Cedar Creek After Action Report, Commander, 110th Ohio (2d Brigade, 3d Division, 6th Corps) (OR, 43, 259-60.)
HEADQUARTERS, 110TH OHIO VOLUNTEERS,
Camp at Cedar Creek, Va., November 2, 1864.
CAPTAIN: In compliance with orders I have the honor to report the following part taken by the One hundred and tenth Regiment in the battle of Cedar Creek:
Just before daylight on the 19th of October firing was heard along our picket lines. By order of Colonel Keifer, the One hundred and tenth Regiment, with the balance of the brigade, was immediately put under arms and awaited orders. In about an hour's time it was discovered that the enemy had succeeded in turning the left of the Eighth Corps, having taken it by surprise, and that the whole line, together with that of the Nineteenth Corps, was rapidly giving way. The Sixth Corps was ordered up to check the advancing foe, the Second Brigade forming the right of the line and the One hundred and tenth Regiment forming the extreme right of the brigade. We advanced to a stone wall, near corps headquarters, where we were met by a severe fire from the front and from the left flank. The destructiveness of the fire and the falling back of the broken lines in our front caused us to fall back a short distance and become temporarily detached from the brigade. The enemy continued to advance and the regiment, with others, fell back slowly, making frequent stands, in order to check his advance as much as possible, until we reached a point where a decisive stand could be made. We continued to move back in this manner for about a mile, when we rejoined the brigade and with it moved back to where the final stand was made. At about 3 p. m. the One hundred and tenth Regiment and a detachment of the One hundred and thirty-eighth Pennsylvania Regiment, under my command, were deployed as skirmishers and advanced toward the edge of the woods, in which the Third Division was then lying. About 5 o'clock I received orders to advance the skirmish line, which I did, the lines of battle in rear advancing at the same time. After advancing about 400 yards the whole of both lines halted. Rapid firing was kept up for some time, when we again advanced across a corn-field, where the lines again halted and continued firing until the enemy gave way along the whole line. The One hundred and tenth, with the balance of the troops, followed the retreating and demoralized foe until we reached our old camp from which we had been driven in the morning.

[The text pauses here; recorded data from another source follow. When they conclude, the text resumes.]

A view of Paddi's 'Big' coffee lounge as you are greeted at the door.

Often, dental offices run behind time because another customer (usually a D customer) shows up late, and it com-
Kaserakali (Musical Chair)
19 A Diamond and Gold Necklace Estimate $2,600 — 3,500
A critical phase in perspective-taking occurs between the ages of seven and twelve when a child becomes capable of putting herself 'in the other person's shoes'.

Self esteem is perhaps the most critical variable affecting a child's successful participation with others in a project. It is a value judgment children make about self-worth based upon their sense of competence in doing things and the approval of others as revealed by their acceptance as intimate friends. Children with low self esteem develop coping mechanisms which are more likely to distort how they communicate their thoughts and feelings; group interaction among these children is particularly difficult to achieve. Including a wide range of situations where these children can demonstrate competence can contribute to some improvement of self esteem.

In the operations of the day the regiment lost 5 enlisted men killed and 27 wounded.
During the early part of the engagement Capt. W. Devenney, while nobly discharging his duty, fell mortally wounded. Captain Shellenberger was slightly wounded late in the day.

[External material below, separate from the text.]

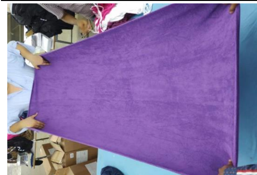
WITHOUT HOLE PC OPEN VIEW
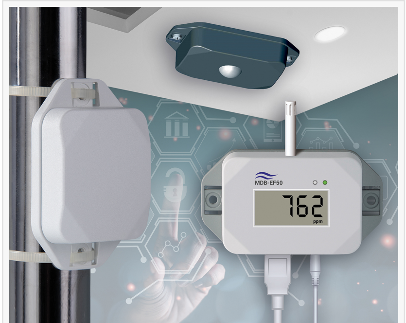
MINI-DATA-BOX enclosures are perfect for sensor and IoT/IIoT technology

MINI-DATA-BOX is now available in four plan sizes from 1.57" x 1.57" to 2.76" x 1.97" and in two

Both officers and men behaved with marked coolness and bravery during the whole engagement. One of the enemy's battle-flags fell into the hands of a member of Company K, but was afterward given up to an officer of a New York regiment in the Nineteenth Corps who claimed to have the first right to it.
I have the honor to remain, very respectfully, your obedient servant
O. H. BIXELEY,
Lieutenant-Colonel :110th Ohio Volunteers, Comdg Regiment.
CAPT. J. J. BBADSHAW,
Actg. Asst. Adgt. Gen., 2d Brig., 3d Div., 6th Army Corps.